Thank you for commenting, and sending in your questions ahead of the webchat. I hope you found Mr Kitcat's answers interesting.
Byelaws cannot trump national laws, which police and council officers need to abide by.
But byelaws are also very hard to enforce. You need the name and address of someone considered to be breaching the byelaw and rarely is it an immediate power - you would need to take the matter to a magistrate.
Police powers are stronger and more immediate than what our byelaws can provide.
10:31am Tue 17 Jun 14
It's obviously not just the costs that Cllr Kitcat won't address. He obviously chooses to ignore the byelaws relating to this city's parks that could address this situation. The following sections apply:
22. A person shall not in the pleasure ground (= park) wilfully obstruct, disturb, interrupt, or annoy any other person in the proper use of the pleasure ground, or wilfully obstruct, disturb, or interrupt any authorised officer in the proper execution of his duty, or of any work in the connexion with the laying out or maintenance of the pleasure ground.
There is an existing remedy:
27. Every person who shall infringe any bylaw for the regulation of the pleasure ground may be removed therefrom by any officer of the council, authorised by them in writing to enforce these bylaws, or by any constable, in any one of the several cases hereinafter specified : that is to say-
(i) Where the infraction of the byelaw is committed within the view of such officer or constable, and the name and residence of the person infringing the bylaw are unknown to and cannot be readily ascertained by such an officer or constable.
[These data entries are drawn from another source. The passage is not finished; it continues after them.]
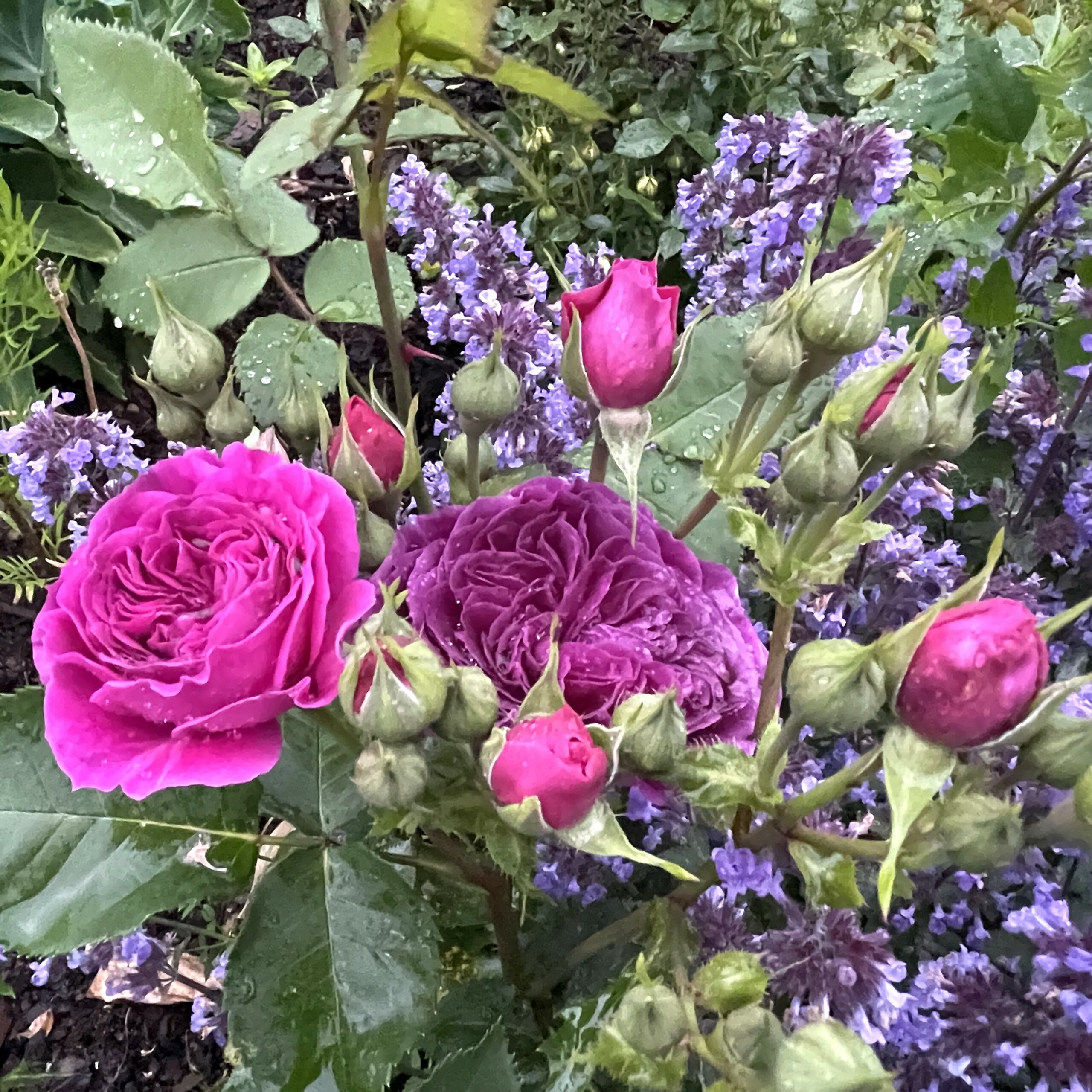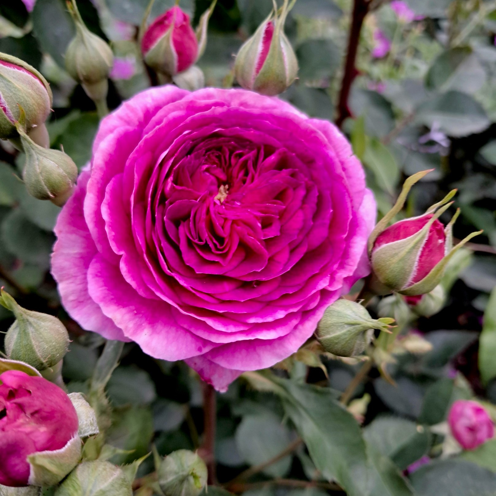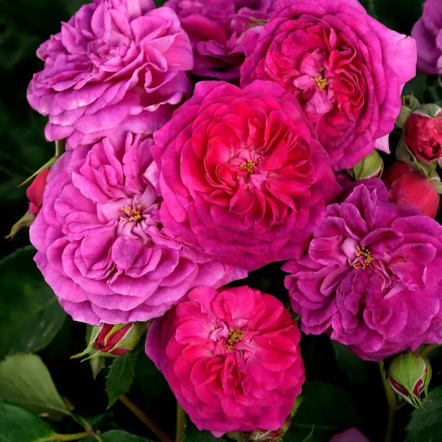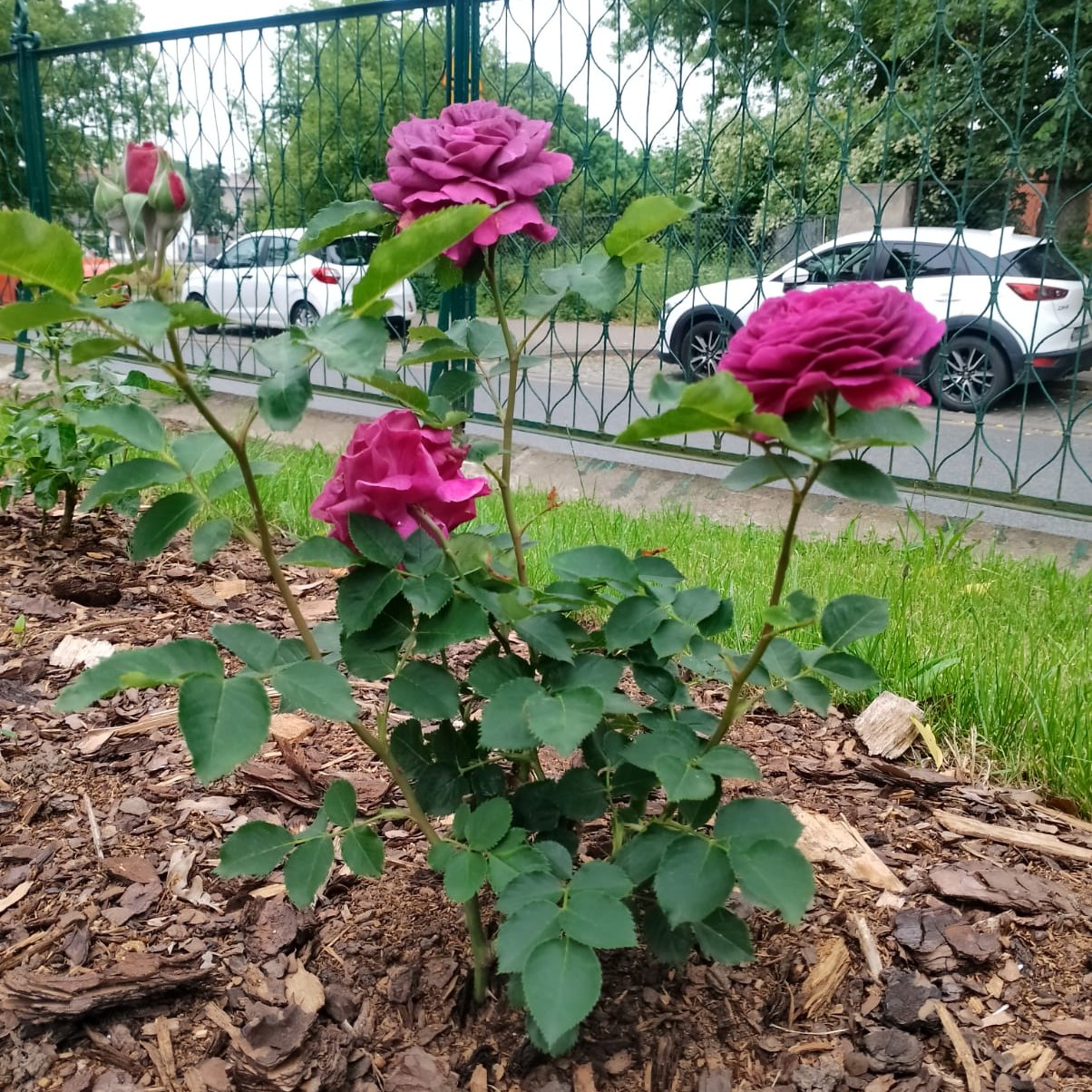 Róża parkowa o dużych, ćwierćrozetowych kwiatach, nawiązujących stylem do odmian historycznych. Ciemnofioletowe, gęsto osadzone płatki najpełniej pokazują głębię barwy w półcieniu, gdzie zachowują nasycenie i subtelny połysk. Kwiaty mają niezapomniany zapach łączący klasyczną woń róż z łagodną nutą drewna i aromatem słodkich malin.
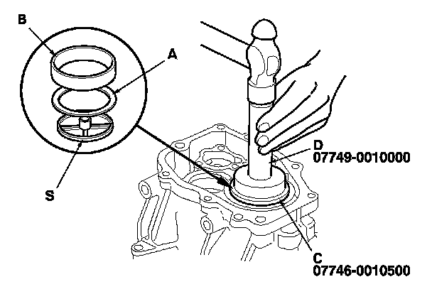 17. Install oil guide plate S and the 68 mm shim (A), then install the bearing outer race (B) using the 62 x 68 mm bearing driver attachment (C) and the 15 x 135L driver handle (D) as shown.
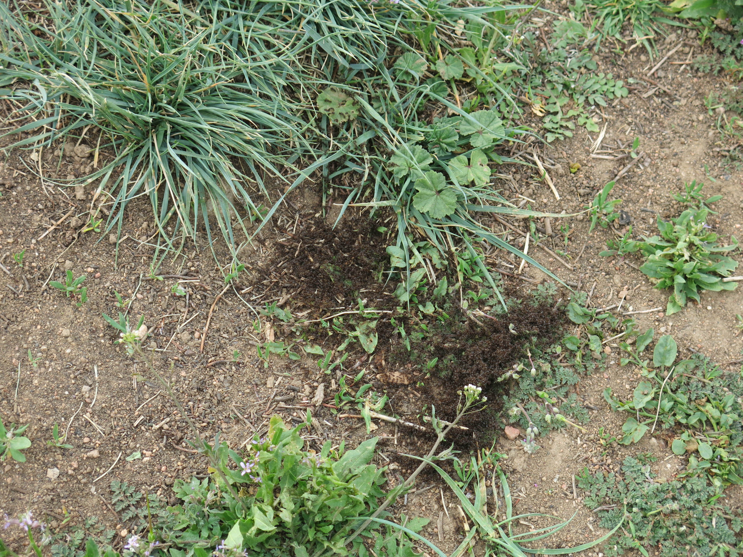 There have been ants swarming, or whatever it is that ants do when they all gather together, on our walks, lately.
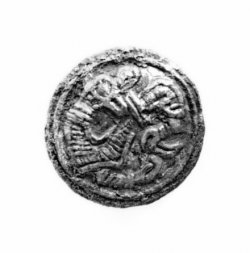 08 Wi-0 Cherni Small fitting of the Rus after a Viking Era finding from Chernigov / Ukrain. Zamak in silver or brass color. 1.7 x 1.4 cm.

So please explain, Cllr Kitcat, why are these vehicles allowed to desecrate our parks, in breach of existing legislation? Instead of carrying out assessment, the council officers should be moving them immediately off the land, should they not?
When that happens on a park it is of serious concern to both council and police officers and they will seek to act on it in any way they are empowered to do so.
That could be about changing access points to the park or enforcement if they are able to identify an offender.
Question submitted to Friends Of Preston Park by the public
"Traveller cars are being allowed to drive straight across the park. How can this be safe?"
Monitoring does take place and extensive planning especially before larger evictions.
You will find that often additional defences are brought in, such as concrete blocks, mobile security units and additional police patrols.
However, given the number of parks and open spaces we can't possibly maintain this level of defence every time.
That's why I don't believe a Fortress Brighton approach is the lasting way forward.
I would hope that all ward councillors could work together on this rather than us pitching on area against another over who gets more defences.
They are not a lasting solution, and they can be breached.
Adrian Imms - how are you going to deal with this while we wait for a permanent site?
Jason Kitcat - Hangleton Bottom now has concrete blocks all around it. Do we want the same around Preston Park or Hove Lawns? And even if we did, we can't possibly afford to do all that - and they can be breached.
Almost every single encampment moves on because an eviction is imminent - it's not a time of their choosing.
I think we need to open up the debate of whether there are some sites where we could undertake some toleration while we wait for Eric Pickles to come to his decision?
Regionally, many authorities are just doing nothing.
Adrian Imms - which sites could be tolerated?
Jason Kitcat - I don't think city centre sites could be tolerated. I think we need to revisit whether some of those defences at outlying sites need to be reviewed.
I have no idea how long the secretary of state will take to review the decision.
There's no time limit on it, and he's not given us any indication of whether there will be a review at all.
We don't even know if he'll still be in power next May.
If he conducts himself in that manner [using the site as a political football] it would be something I would want to explore challenging this through legal avenues.
"When the travellers are moved on why do we not monitor their movement to prevent further trespass?"
I truly understand the significant distress and disturbance caused by these problems and I would like to assure Mrs Henderson that we take this very seriously.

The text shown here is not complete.